This news may offer hope to parents having children with acute lymphatic leukemia. Researchers from Uppsala University and University Children’s Hospital in Uppsala claimed to have formulated potent new tools for typing cells from children with acute lymphatic leukemia and for envisaging how children with leukemia could react to chemotherapy.
Acute leukemia is claimed to be the most general form of childhood cancer. The new research illustrates that DNA methylation is said to be a potential mechanism for foreseeing development of the disease. DNA methylation is a supposed epigenetic alteration in the genome. Epigenetic changes are believed to be modifications of the genomic DNA that do not influence the DNA sequence compared to hereditary mutations.
The current research apparently examined DNA methylation of the DNA of bone marrow cells from around 400 children suffering from acute lymphatic leukemia (ALL) from the Nordic countries.

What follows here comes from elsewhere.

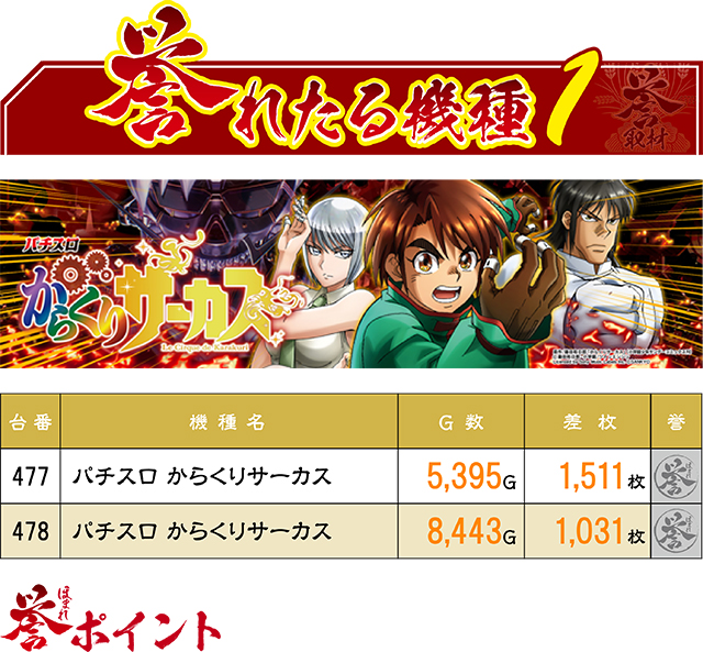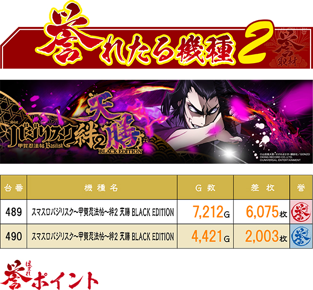 見事,6000枚オーバーを果たし、赤誉アイコンをGETした489番台。何気にお隣の490番台も好調で、2,000枚超えを達成していた。

On the basis of an initial examination of around 8,000 human genes, the researchers chose about 400 genes for investigation of DNA methylation. Methylation analysis of only 40 genes apparently let subtyping of leukemic cells from the patients with a comparable accuracy as it is attained by cytogenetic methods regularly used now-a-days. The researchers apparently also examined groups of genes whose DNA methylation levels supposedly linked with the treatment response in ALL patients.
Professor Ann-Christine Syvänen of Uppsala University, commented, “Our findings indicate that analysis of DNA methylation of a limited number of methylated bases in DNA can be used as markers in a DNA test to identify those groups of patients who will not respond to leukemia treatment.”
In spite of new drastic enhancements in techniques of treatment for acute childhood leukemia, some groups of patients apparently do not react well to chemotherapy and went through relapses.
Hopefully, the outcome from the research may add to an augmented comprehension of epigenetic mechanisms that cause leukemia.
The research was published in the journal Blood.